Come aspetto positivo, c’è senza dubbio il fatto che l’ingresso in elevata quota del capitale di privati aumenta la disciplina finanziaria e l’efficienza. Tuttavia un’enorme letteratura consolidata nel tempo attesta che i benefici veri si ottengono nei casi in cui si privatizza, non quando si chiede capitale privato ma si continua a gestire. Quando è lo Stato a nominare i manager, ed è lo Stato italiano in mano ai partiti, decenni di esperienza italiana dovrebbero averci stradimostrato a sufficienza i mali che si ingenerano e perpetuano. Il governo attuale dovrà nominarne un centinaio tra poche settimane, a Eni, Enel, Finmeccanica e anche alle Poste. Di Sarmi, il capoazienda postale, Repubblica scrive che “vanta un grosso credito verso l’attuale esecutivo, dopo l’investimento nel salvataggio Alitalia può aspirare a qualsiasi carica”. Ecco, è esattamente la ragione per cui in Italia bisognerebbe applicare radicalmente quel che diceva Lady Thatcher: in uno Stato in cui di mercato ce n’è poco e prevalgono altre logiche, per creare il mercato va rimosso lo Stato dal mercato proprietario. Sante parole, ma da noi lo Stato cioè i partiti mutano i panni, non dismettono il comando.

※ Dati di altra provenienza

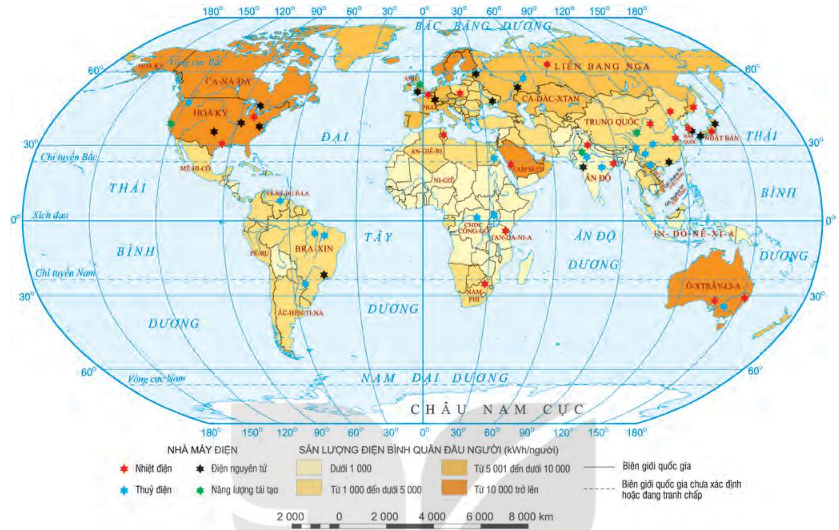 Các nước trên thế giới có sản lượng điện bình quân trên đầu người từ 10000 kWh/người trở lên năm 2019 là Hoa Kỳ, Ca-na-đa, Ả-rập Xê-út, Ô-xtray-lia,…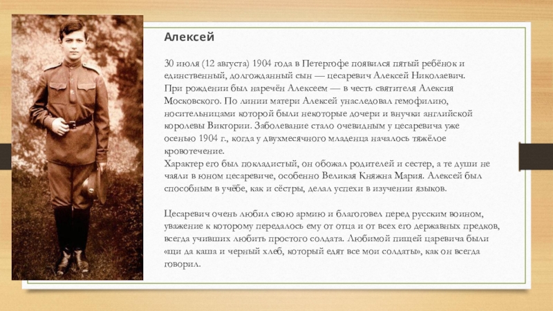 Характер его был покладистый, он обожал родителей и сестер, а те души не чаяли в юном цесаревиче, особенно Великая Княжна Мария. Алексей был способным в учёбе, как и сёстры, делал успехи в изучении языков.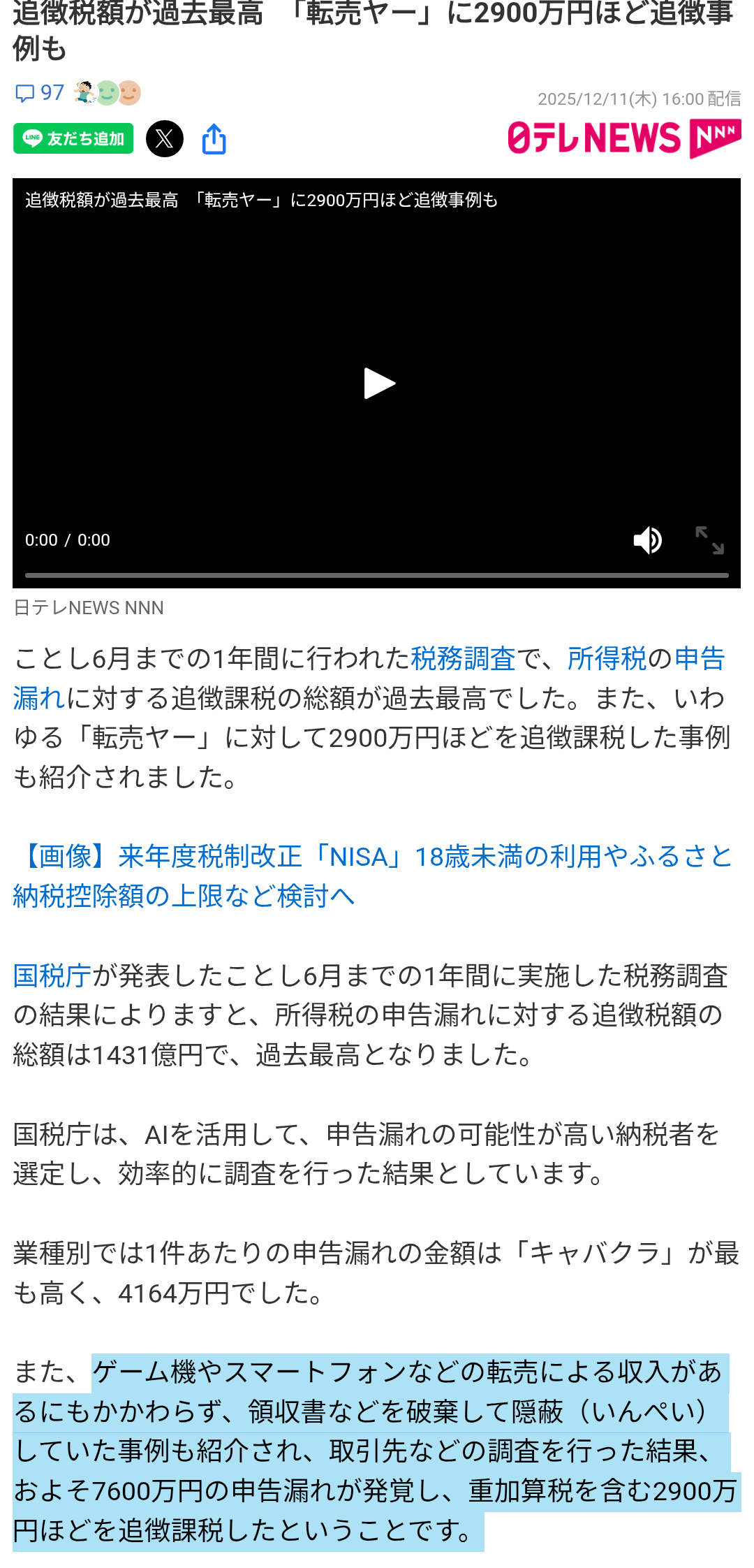 | … | 45無念Nameとしあき26/01/27(火)09:36:10No.1382995856+>まぁやってねえどころか積極的に所得隠しとかしてるから国税に睨まれて重加算税まで剥がされるんだけども |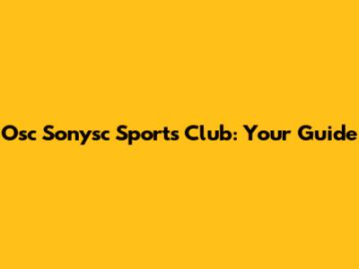 Osc Sonysc Sports Club: Your Guide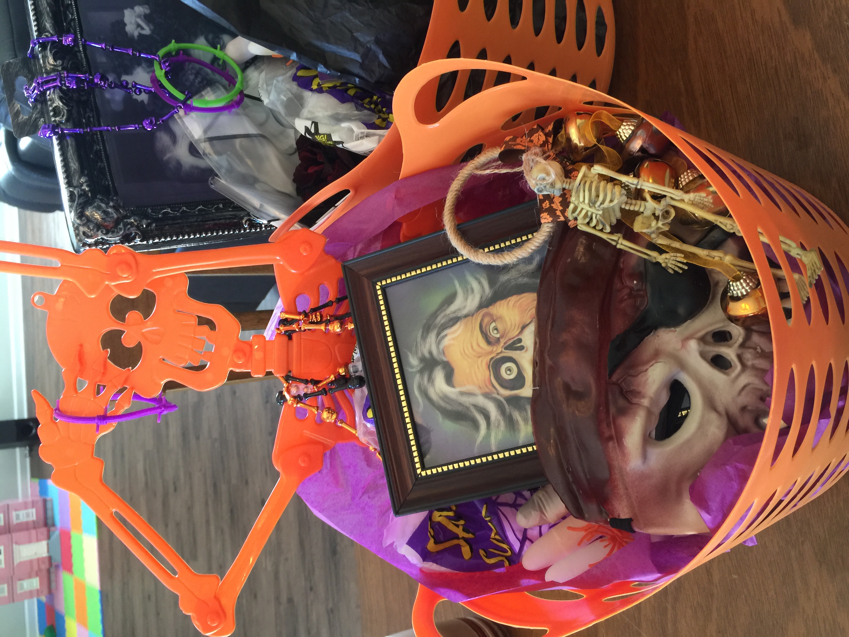 Вот мои корзинки, засунула туда любимые меняющиеся портреты, маски, черепа, скелеты, пауков. Набила перчатки конфетами, завязала, надела на перчатки светящиеся кольца. Так весело!
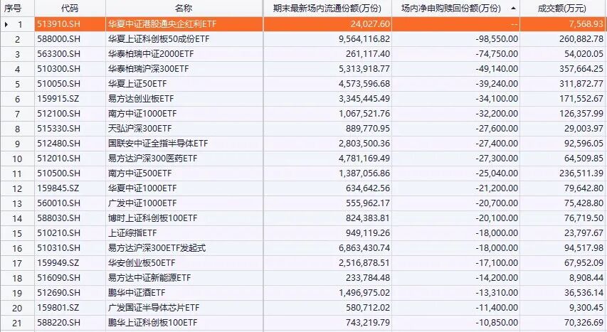 2月29日沪深两市ETF净赎回TOP20 数据来源:东方财富Choice

Tra parentesi: le privatizzazioni societarie non servono ad abbattere il debito pubblico. A quel fine sarebbe utile smobilizzare l’enorme patrimonio immobiliare pubblico: quello dismissibile vale oltre 300 miliardi di euro, ma lo Stato non lo fa. Cedere asset mobiliari significa invece aumentare l’efficienza economica delle società e la trasparenza delle loro strutture di governance, accrescere la concorrenza nel mercato e per il mercato, innalzare l’efficienza e la redditività del mercato finanziario in quanto tale.
Tuttavia è anche vero che quando lo Stato controlla il 100%, come avveniva sin qui per Poste e per Enav, bisogna pur cominciare e non è detto che se non si cede il controllo alla prima apertura del capitale a privati, non lo si faccia poi successivamente. Il ministro Saccomanni ieri ha detto che per poste “si comincia” col 40%. Diamogliene atto, e vedremo se il tempo confermerà che poi si procede o darà ragione a chi, come me, ne dubita molto. In realtà, occorrerebbe un mutamento politico degli indirizzi del paese. Oggi, semplicemente, non è alle viste. La destra non ha privatizzato nulla, con Berlusconi.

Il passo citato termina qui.